Workflow recommendations:

Run the indicator microbenchmarks locally before sending a PR when touching indicator kernels.
Export the CSV-friendly output to reports/performance/indicators_<commit>.txt so CI jobs can diff against the latest baseline.
Track the ratio (hot/cold) to confirm cache-aware optimisations are working and to ensure cold-start regressions stay within budget.

CI regression budget: wire the benchmark into CI (e.g. via pytest-benchmark) and fail the pipeline if median cold timings degrade by more than 10% or if hot timings exceed 5% of the stored baseline. Persist baseline stats under tests/performance/baselines/ and update them intentionally when optimisations land.

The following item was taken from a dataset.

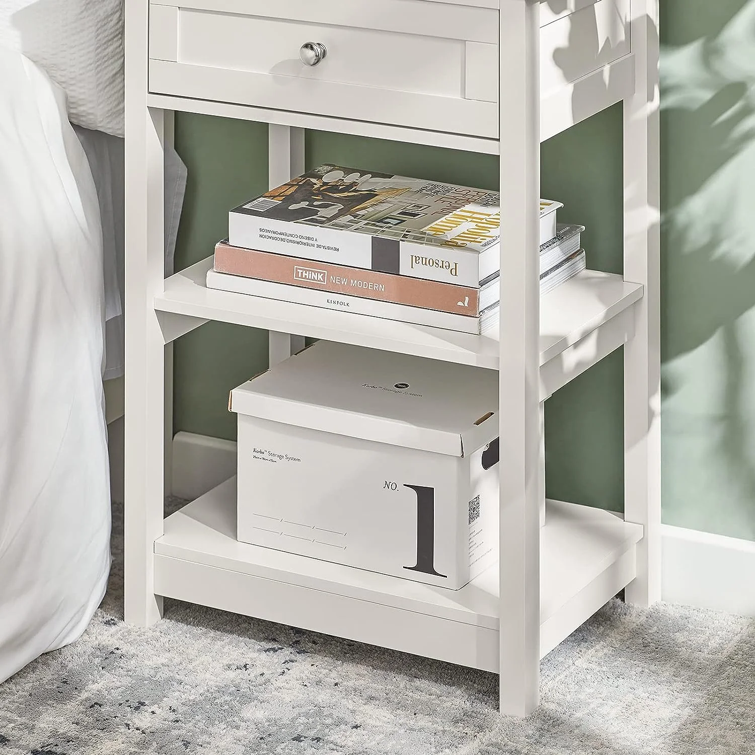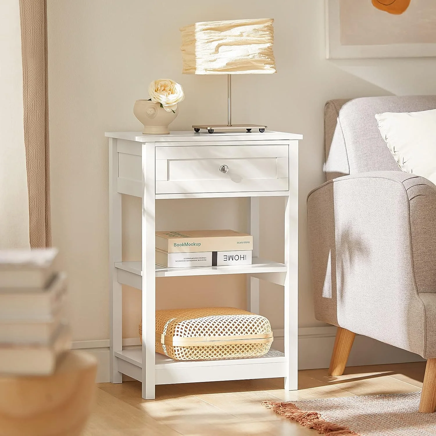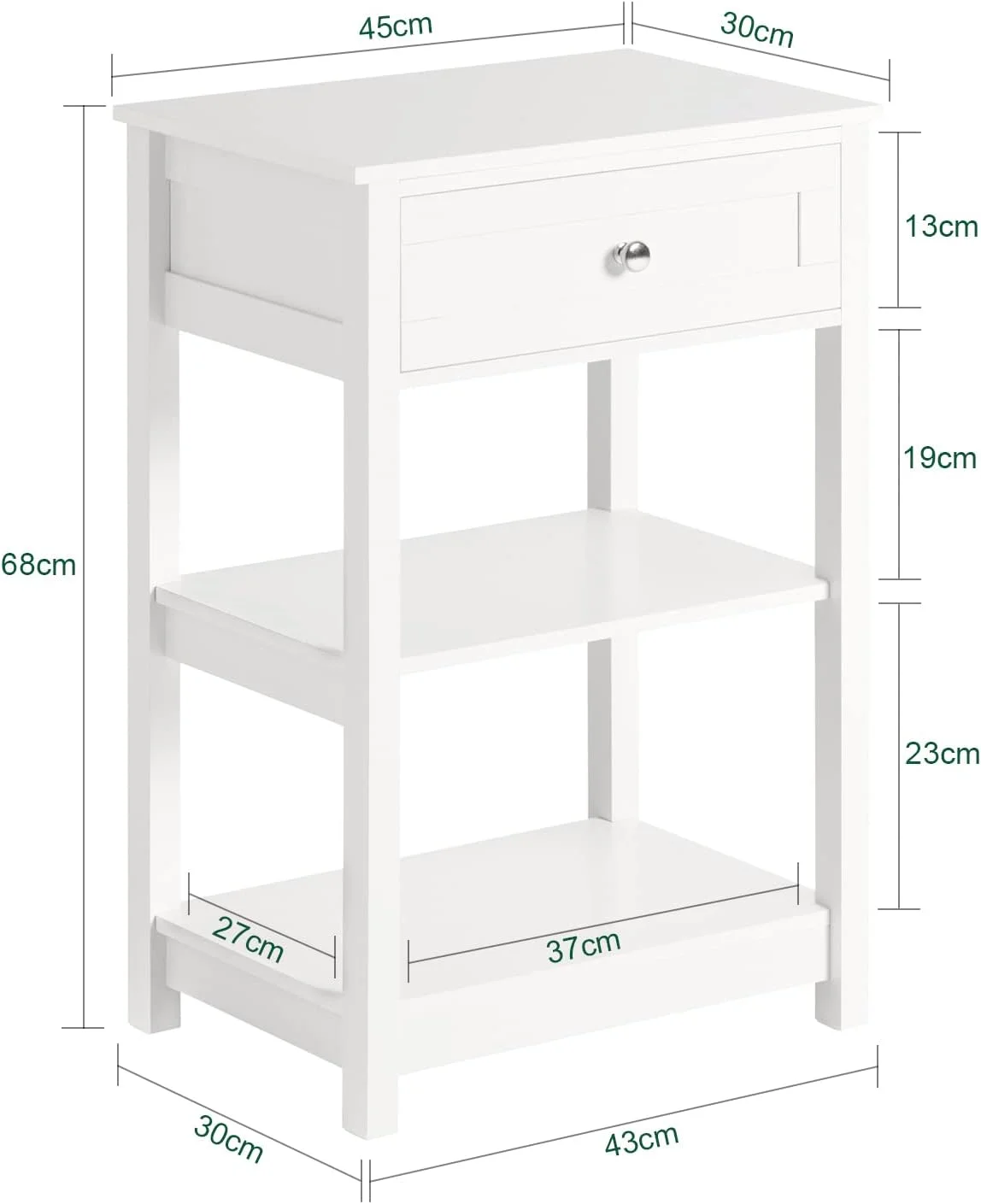 - This bedside table is the perfect addition to any bedroom or living room. It features one drawer and two shelves, providing ample storage space for books, magazines, and other items. The sleek design and sturdy construction make it a great choice for any home.

Regression Automation with `asv` and `pytest-benchmark`

Author benchmark suites – Keep deterministic harnesses in bench/ and mirror the entry points inside tests/performance/ so that the same kernels can be invoked under pytest --benchmark-only.
Capture baselines – Run pytest tests/performance --benchmark-save=baseline on a clean workstation. Store the resulting JSON under tests/performance/baselines/ and commit alongside the change.
Integrate ASV – Initialise an Airspeed Velocity project with asv quickstart and point asv.conf.json at the bench/ scripts. Pin the project_url to the GeoSync repository and enable the virtualenv builder so CI can reproduce runs on tagged commits.
Gate regressions – Configure CI to execute pytest --benchmark-compare=baseline and asv run --quick on each PR, failing if median runtime drifts by more than ±10%. Update the tolerance based on the budgets agreed in docs/quality_gates.md.
Publish flamegraphs – .github/workflows/tests.yml already archives profiling traces from pytest-profiling. Enhance the workflow with py-spy record --flame so each regression run includes a flamegraph for automatic upload to the build artifacts.

Chunked Processing

Entropy with Chunking

Process large arrays by splitting into manageable chunks:

from core.indicators.entropy import entropy

# Very large dataset (10M points)
huge_data = np.random.randn(10_000_000)

# Process in chunks of 100K points
# Computes weighted average entropy across chunks
H = entropy(huge_data, bins=50, chunk_size=100_000, use_float32=True)

Benefits:

Reduces peak memory usage
Better cache locality
Prevents memory overflow on large datasets

Chunk size recommendations:

Small datasets (<1M): No chunking needed (chunk_size=None)
Medium datasets (1M-10M): chunk_size=100_000 to 500_000
Large datasets (>10M): chunk_size=500_000 to 1_000_000

Ricci Curvature with Chunking

Process graph edges in batches:

from core.indicators.ricci import build_price_graph, mean_ricci

# Build graph from prices
prices = np.random.randn(10_000) + 100
G = build_price_graph(prices, delta=0.005)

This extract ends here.